Cation-induced Ti3C2Tx MXene hydrogel for capacitive energy storage

Abstract

To date, Ti3C2Tx MXene has been a promising candidate for energy storage field, however the construction of 3D MXene hydrogel with their inherent hydrophilicity and high conductivity remains a challenge. Herein, a series of Ti3C2Tx MXene hydrogel was fabricated successfully via a facile and fast cation-induced strategy. Typically, the formation of hydrogel is stem from the quick cross-linking of Ti3C2Tx nanosheets, accompanying with the intercalation of high-concentration cation between the layers. Characterization analyses have demonstrated that the cation-induced Ti3C2Tx hydrogel possesses 3D porous structure and controllable basal spacing, which could synergistically facilitate fast diffusion of electrolyte ions and accessibility of electrochemical active sites.
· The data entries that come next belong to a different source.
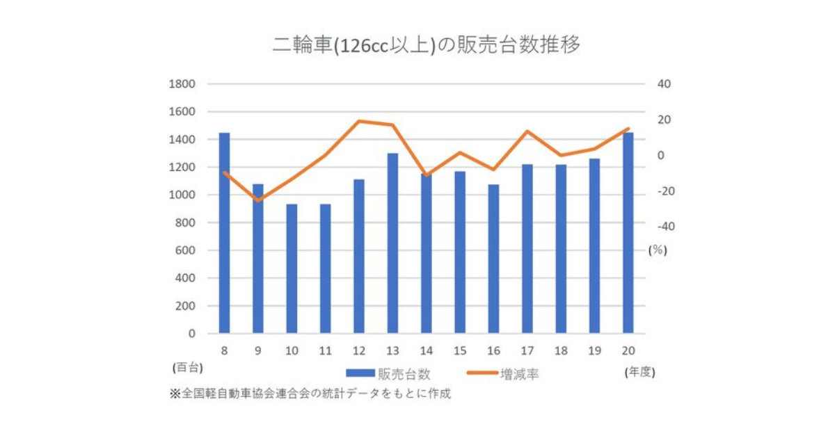 2010年までバイクの登録者数は、若者の人口増減と共に推移します。1990年までは増加し、その後2010年まで減り続けます。2010年で一旦下げ止まりとなり、その後は横ばいとなっています。2010年以降も若者の人数が減っていることを考えると、この頃にバイクの購入層が変化したことが分かります。専門家は、この変化をバイクが単なる移動の手段から趣味として使用されていると分析しています。リターンライダーの増加やSNSによりバイクが見直されたことが原因と言われています。微増します。以降はまで下がり続けます。増加とともに売り上げを伸ばしたピークを向かえた1990年代のバイクブーム終わり下がり続けてきた登録者数が2010年頃には下げ止まり、その後は年ごとの増減はありますが2010年は152万台、2021年は174万台と平均して1年で2万台のペースで増加しています。また、年間販売数も2010年から2020年の間で平均6万台となっています。販売数6万台と登録増加数2万台この差が廃棄数となります。2020年のデータを利用し廃棄率を計算してみると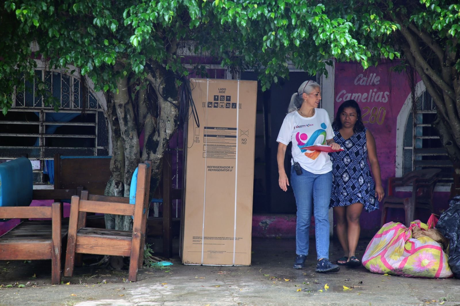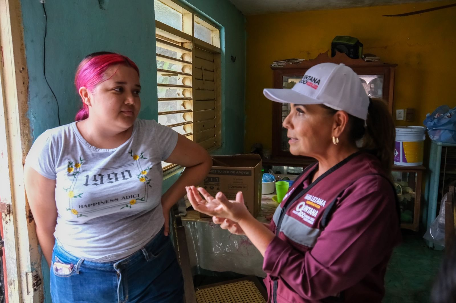 Durante un recorrido por la calle Camelias, esquina con José María Morelos, de esta capital, la gobernadora de Quintana Roo explicó que 18 millones son para apoyos en especie, mediante la adquisición de refrigeradores, estufas, colchones, comedores, entre otros, y reponer los que se dañaron.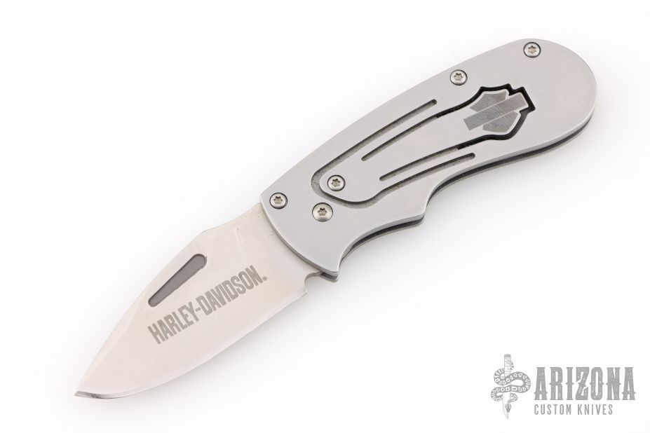 BENCHMADE 13310 HARLEY-DAVIDSON LEVITATOR MONEY CLIP - AUS8 High Carbon Stainless Steel blade; 420J stainless steel liners; 420J stainless steel backspacer and outer handle scales; patented Levitator® locking mechanism; and moneyclip / stainless steel carry clip. Measures 4.75" open and 2.80" closed.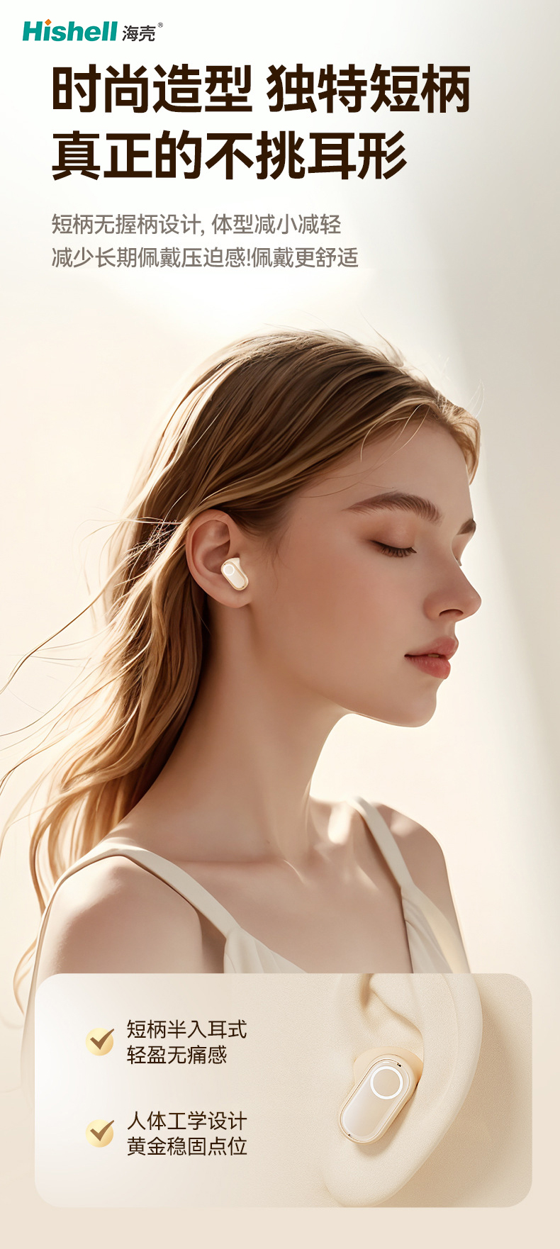 操作便捷省心,采用智能触控设计,轻轻一触即可切换曲目、调节音量,无需繁琐操作,轻松掌控音乐节奏。舒适半入耳式造型贴合耳型,亲肤材质温和无刺激,久戴不闷不痛,适配日常通勤、长时间办公等多种场景。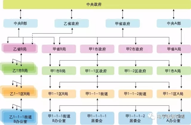 A類共享需要“跨地域橫向共享平臺(tái)+跨部門(mén)橫向共享平臺(tái)+部門(mén)內(nèi)跨層級(jí)縱向共享平臺(tái)”才能實(shí)現(xiàn)。在本事例中,需要在江西的街道派出所和北京旅游局之間實(shí)現(xiàn)信息共享,如圖1所示,相當(dāng)于“乙1-1-1街道B辦公室”的信息要達(dá)到“甲省A局”,其可能的路徑有多條,以通過(guò)政府機(jī)構(gòu)數(shù)量為依據(jù),最短的三條路徑是:①乙1-1-1街道B辦公室→乙1-1區(qū)B局→乙1市B局→乙省B局→中央B部→省B局→甲省政府→甲省A局;②乙1-1-1街道B辦公室→乙1-1區(qū)B局→乙1市B局→乙省B局→中央B部→中央政府→中央A部→甲省A局;③乙1-1-1街道B辦公室→乙1-1區(qū)B局→乙1市B局→乙省B局→乙省政府→中央政府→甲省政府→甲省A局。這三條路徑都可以實(shí)現(xiàn)兩部門(mén)間信息共享。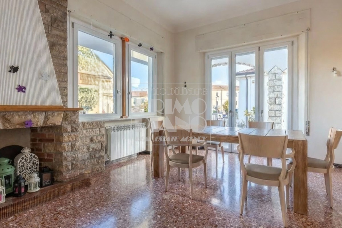 La villa si sviluppa su due livelli. Il piano principale ospita un elegante e spazioso soggiorno, caratterizzato da ampie vetrate che collegano armoniosamente gli interni alla terrazza e al giardino, creando un piacevole dialogo tra spazio interno ed esterno. La zona notte comprende quattro camere da letto e due bagni, ben distribuiti e ideali per una famiglia o per chi desidera ambienti funzionali e ben organizzati.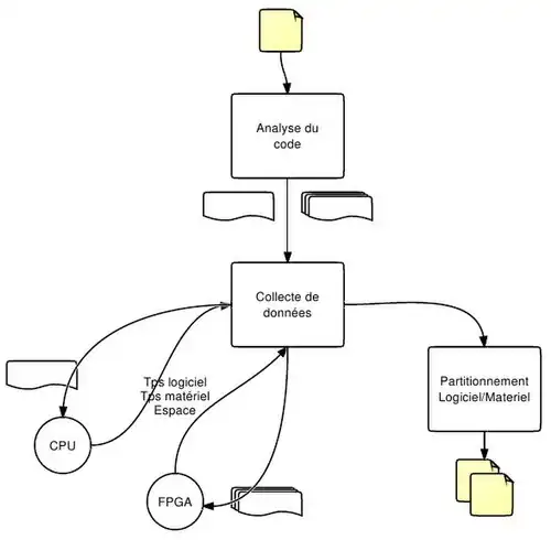 - Collecte de données : Tout l'algorithme de partitionnement est basé sur un ensemble d'informations sur les processus (temps d'exécution du logiciel, temps d'exécution du matériel, espace nécessaire. Après que le graphe des processus ait été construit, chaque processus est exécuté individuellement à la fois sur le CPU pour obtenir le temps d'exécution logiciel et sur le FPGA pour obtenir le temps d'exécution matériel et l'espace occupé.

Density functional theory (DFT) calculation shows that larger hydrated radii and more intercalated cation are favorable for the expansion of basal spacing thermodynamically. As a result, the excellent capacitance and high rate-capability are both realized in cation-induced Ti3C2Tx hydrogels. Especially, as-synthesized Al-Ti3C2Tx hydrogel delivery a remarkable capacitance of 675F/g at 1 A/g, along with a specific energy density of 46 Wh/kg when the power density is 349 h/kg, which is superior to the previous reported Ti3C2Tx electrodes. Besides, the well-designed H-Ti3C2Tx hydrogel still achieves 206F/g capacitance when the scan rate is up to 1 V/s, and it could withstand 5000 cycles with only 8% loss of capacitance. This work not only illuminates a straightforward way to construct high-performance MXene electrode for capacitive energy storage, but also provides a new guideline over the manipulation of interlayer spacing and morphology of 2D colloid materials.